Ever miss the days of the typewriter? Every so often I do.
Yes, the benefits from writing with word processing software on a computer are enormous, but typewriters had a few benefits. For one, once you had typed out the work, it was already there for you; no sitting around for hours while waiting for a proof of your 300+ page novel to print out for editing or mailing (which is what I'm doing while writing this).
But more than that, I kind of miss the mechanics of writing with a typewriter. My first typewriter was some foreign brand, a portable manual that was quite dodgy mechanically, but I loved it. My mom got my second typewriter for me in high school; it was a fancy electric Smith Corona that even had an erase key on it that would allow me to go back and automatically white-out a bad keystroke. Boy, I thought that was big time!
Then, at the age of 18 I entered college, and that's when I discovered Macintoshes. These newfangled computers were far and away better than the Vic 20 and Commodore 64 computers I was familiar with from high school. Since then, I've never looked back and I've never owned another typewriter. My (now old) Smith Corona sits unused in my mom's house five hundred miles a day.
Ah, nostaliga.
1 comment:
I never did and could never do the typewriter thing.

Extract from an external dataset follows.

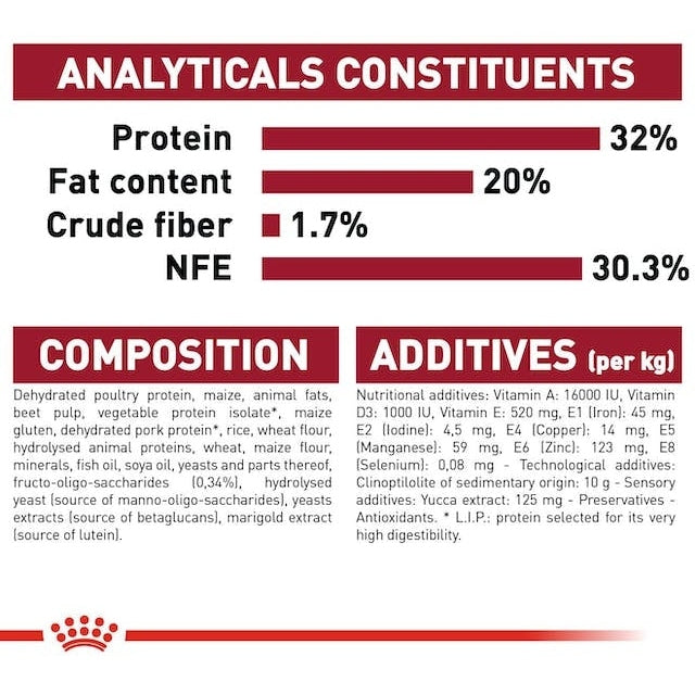 The combination of nutrients containing high-quality prebiotics and protein in Royal Canin® Medium Puppy food helps to support and maintain your puppy’s general digestive health. A group of proteins (L.I.P.) known for their high digestibility has also been included for optimal digestive support.

Ugh!
I'm the old fogey who still writes by hand. 95% of what I've written/write has been handwriten, then typed into the computer. I flow much faster by hand, it just seems so different trying to work at the computer. And I edit way too much unless I consciously fight the urge not to look back when I'm staring at the screen.
Besides, I consider my type-in to be my first edit then, as I make adjustments and corrections during this time. This makes word processing invaluable.